OK, in that case 0xB is fine.

>>>> +#define PARALLEL_KEY_QUERY_TEXT            UINT64CONST(0xA000000000000003)
>>>
>>> This is the fourth definition of a PARALLEL%_KEY_QUERY_TEXT, the
>>> others being in access/nbtree/nbtsort.c (value 0xA000000000000004, one
>>> more than brin's), backend/executor/execParallel.c
>>> (0xE000000000000008), and PARALLEL_VACUUM_KEY_QUERY_TEXT (0x3) (though
>>> I've not checked that their uses are exactly the same, I'd expect at
>>> least btree to match mostly, if not fully, 1:1).
>>> I think we could probably benefit from a less ad-hoc sharing of query
>>> texts. I don't think that needs to happen specifically in this patch,
>>> but I think it's something to keep in mind in future efforts.
>>>
>>
>> I'm afraid I don't quite get what you mean by "ad hoc sharing of query
>> texts". Are you saying we shouldn't propagate the query text to the
>> parallel workers? Why? Or what's the proper solution?
> 
> What I mean is that we have several different keys that all look like
> they contain the debug query string, and always for the same debugging
> purposes.

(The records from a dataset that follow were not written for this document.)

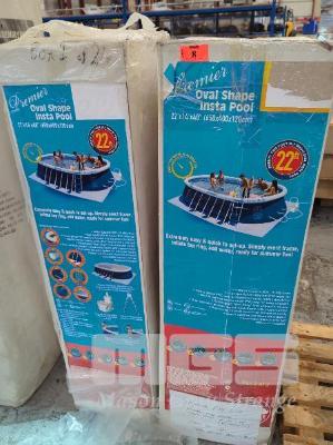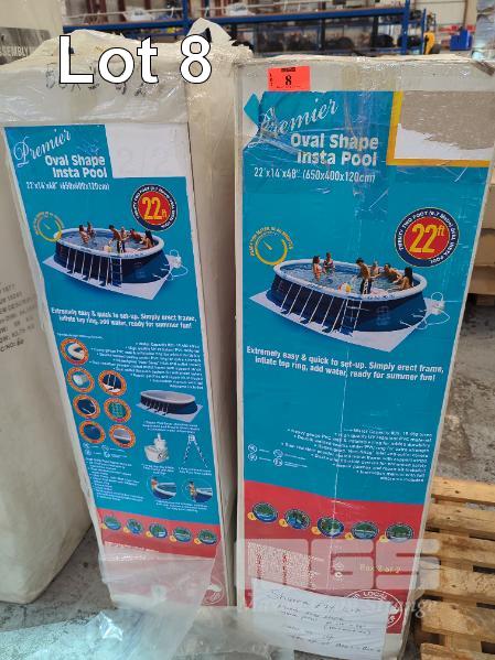 CLARK RUBBER EXTERNAL FRAME 6.7 M PORTABLE SWIMMING POOL DIMENSIONS 6.5 X 4.0 X 1.2 M (W D H), 19,450 L CAPACITY. INCLUDES FILTER PUMP, POOL COVER, GROUND SHEET, STEP LADDER, CLEANING EXTENSION POLE WITH VACUUM & SKIMMER HEADS. NEW IN BOX (2 X BOXES)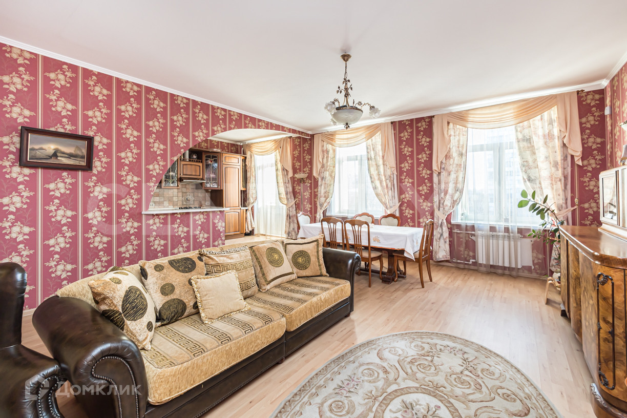 Продается просторная двухкомнатная квартира площадью 102,5 м² на 5 этаже 7-этажного кирпичного дома, расположенного в пешей доступности от нескольких станций метро.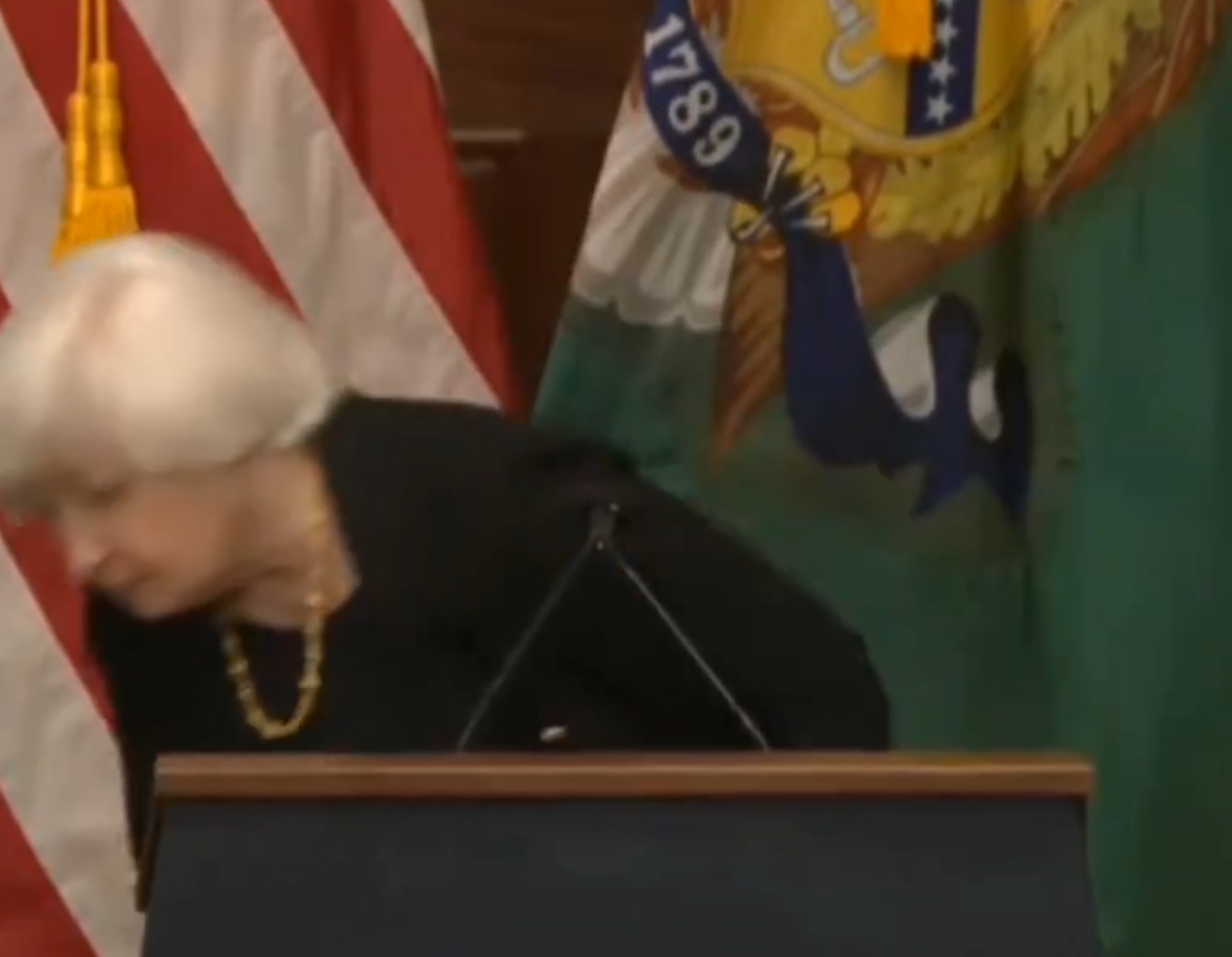 國際貨幣基金組織和世界銀行年日前在美國華盛頓召開之際,美國財長耶倫上周二(22日)在一場記者會發表講話的一幕,近日在網上瘋傳。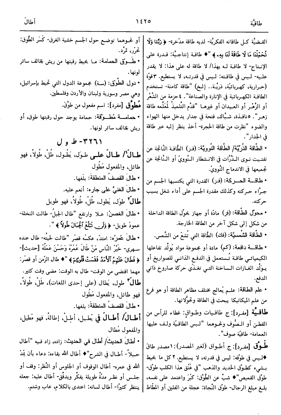 • طالَ الغصنُ: علا وارتفع "طال الجبلُ- طالت النخلة- عمودٌ طويل- {وَلَنْ تَبْلُغَ الْجِبَالَ طُولاً} ".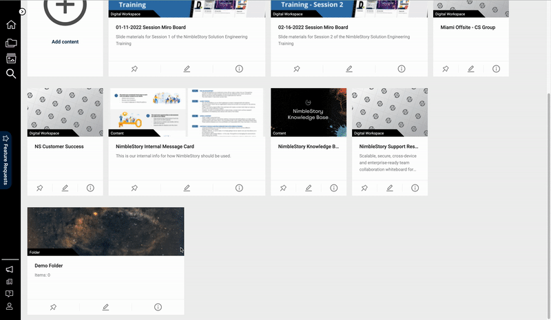 Folders can be added to your Project space, allowing your organization to create additional levels of structure. A folder can host any content or assets made available in NimbleStory. To learn more about them and other content, please visit /creating-and-curating-content/content-types-in-nimblestory#content-folders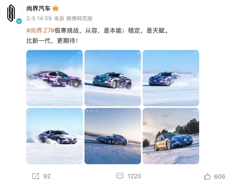 尚界汽车辟谣Z7冬测图片为AI生成:均为实拍。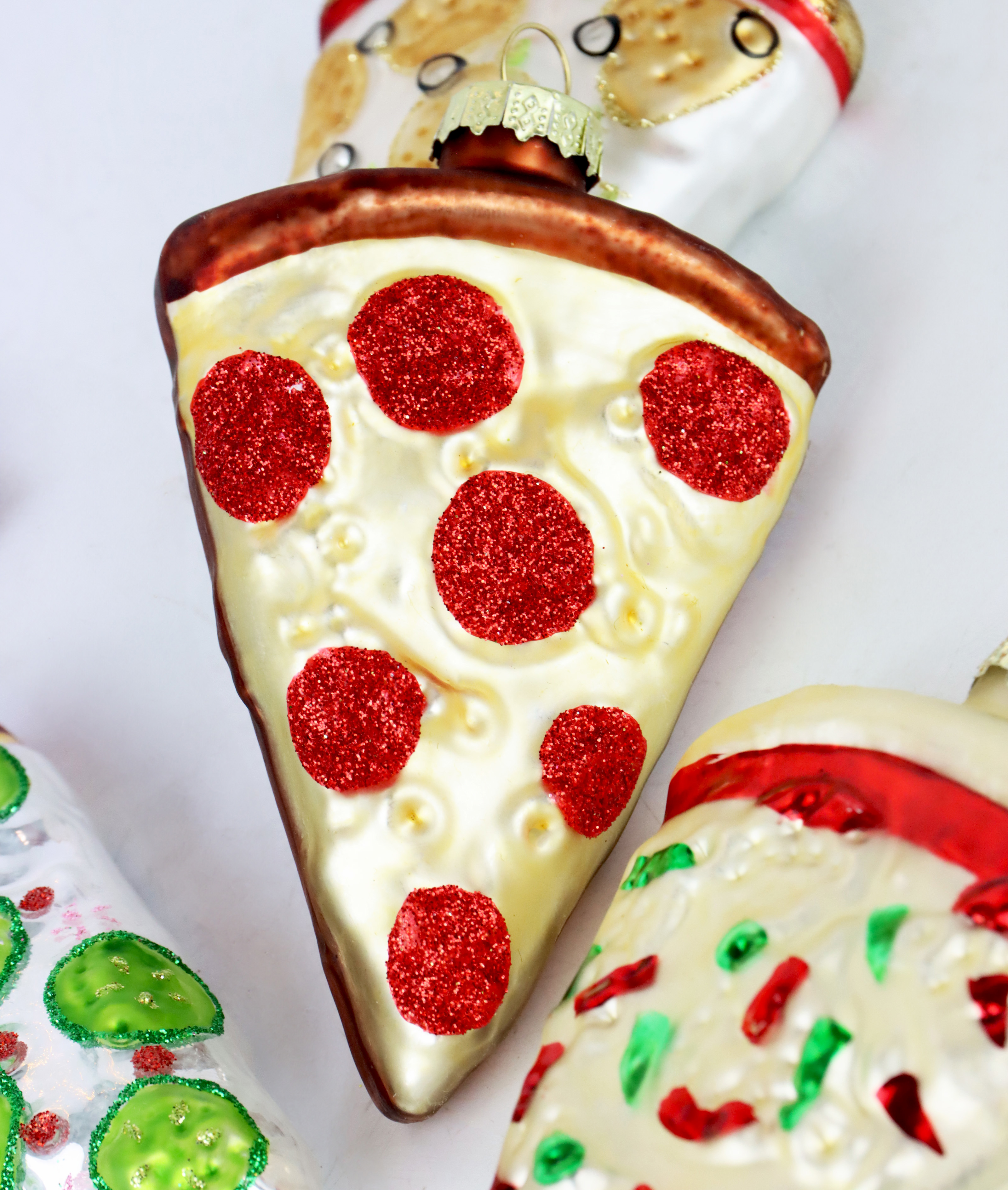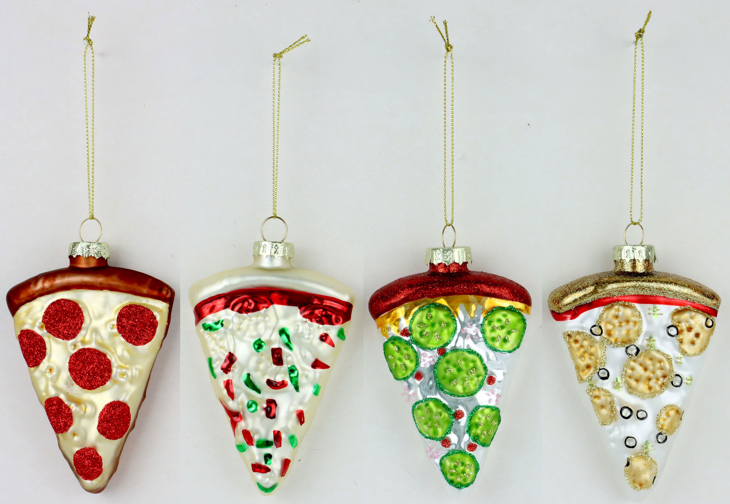 ENAdd a touch of originality and creative flair to your Christmas celebrations with our GLASSCHMUCK "PIZZA" S/4, item number: 8631. This unique 4-piece set of pendants impresses with its playful aesthetics and is sure to delight all pizza lovers, retailers and resellers alike.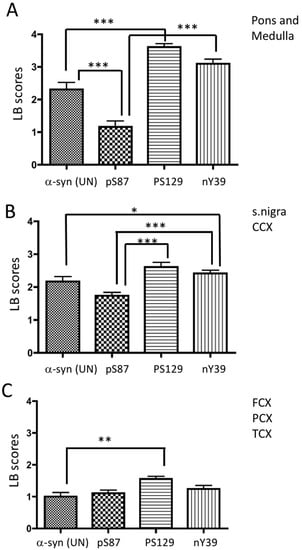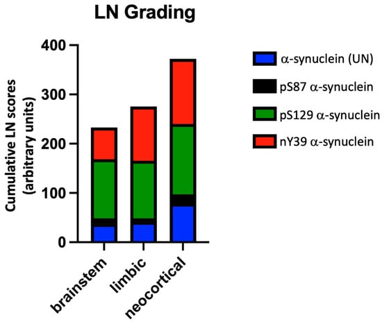 Cumulative LB scores are shown for early-, midway-, and late-affected anatomical brain regions in Figure 2. The differences between α-synuclein PTMs were tested using the Kruskal–Wallis test with multiple comparisons. The LB grading scheme used for the purpose of this study is summarized in Table 3.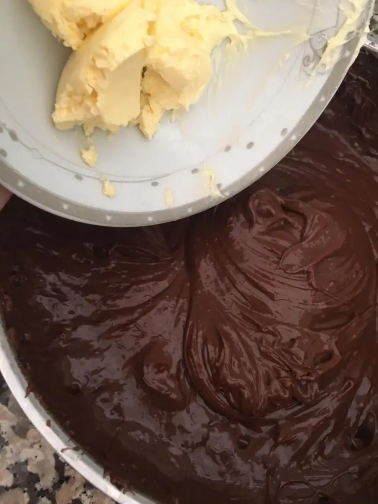 Oda sıcaklığında soğumuş olan pasta kremasının içerisine 200 gram tereyağını ekleyin.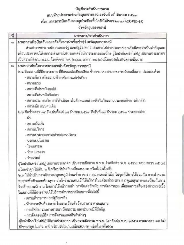 1 มาตรการ เพื่อป้องกันและสกัดกั้นการนำเชื้อเข้าสู่จังหวัดอุบลราชธานี งดเดินทางไปต่างประเทศ ฝ่าฝืนลงโทษ ปรับ 20,000บาท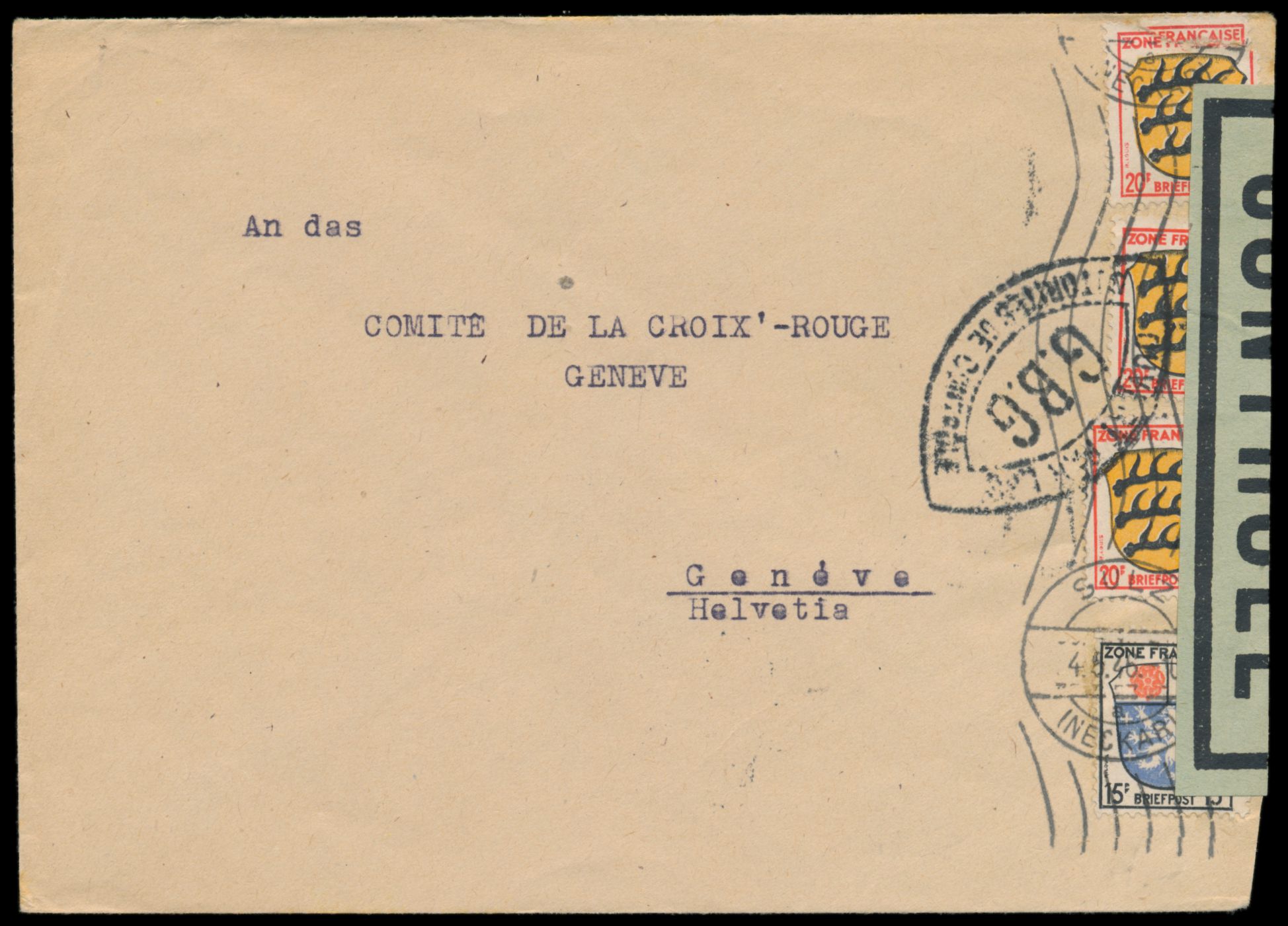 Zensurstelle Tübingen, Auslandsbrief mit Allgemeine Ausgabe 15 Pf. und 3 x 20 Pf. (eine Marke beschädigt) in die Schweiz, Handrollstempel Sulz (Neckar) 4.5.46, rechts grüner Verschlußzettel Controlé mit Rahmen (Handbuch Typ 22) und beidseitig schwarzer Doppelspitzovalstempel Ouvert ... G.B.G. , rückseitig grüner Prüferstempel 554, Bedarf

For debugging, I think it'd be useful to use one well-known
> key, rather than N well-known keys in each of the N parallel
> subsystems.
> 
> But as mentioned, it doesn't need to happen in this patch, as that'd
> increase scope beyond brin/index ams.
> 

Agreed.

>>> I also noticed that this is likely to execute `union_tuples` many
>>> times when pages_per_range is coprime with the parallel table scan's
>>> block stride (or when we for other reasons have many tuples returned
>>> for each range); and this `union_tuples` internally allocates and
>>> deletes its own memory context for its deserialization of the 'b'
>>> tuple. I think we should just pass a scratch context instead, so that
>>> we don't have the overhead of continously creating then deleting the
>>> same memory context
>>
>> Perhaps. Looking at the code, isn't it a bit strange how union_tuples
>> uses the context? It creates the context, calls brin_deform_tuple in
>> that context, but then the rest of the function (including datumCopy and
>> similar stuff) happens in the caller's context ...
> 
> The union operator may leak (lots of) memory, so I think it makes
> sense to keep a context around that can be reset after we've extracted
> the merge result.
> 

But does the current code actually achieve that? It does create a "brin
union" context, but then it only does this:

    /* Use our own memory context to avoid retail pfree */
    cxt = AllocSetContextCreate(CurrentMemoryContext,
                                "brin union",
                                ALLOCSET_DEFAULT_SIZES);
    oldcxt = MemoryContextSwitchTo(cxt);
    db = brin_deform_tuple(bdesc, b, NULL);
    MemoryContextSwitchTo(oldcxt);

Surely that does not limit the amount of memory used by the actual union
functions in any way?

>> However, I don't think the number of union_tuples calls is likely to be
>> very high, especially for large tables. Because we split the table into
>> 2048 chunks, and then cap the chunk size by 8192. For large tables
>> (where this matters) we're likely close to 8192.
> 
> I agree that the merging part of the index creation is the last part,
> and usually has no high impact on the total performance of the reindex
> operation, but in memory-constrained environments releasing and then
> requesting the same chunk of memory over and over again just isn't
> great.

OK, I'll take a look at the scratch context you suggested.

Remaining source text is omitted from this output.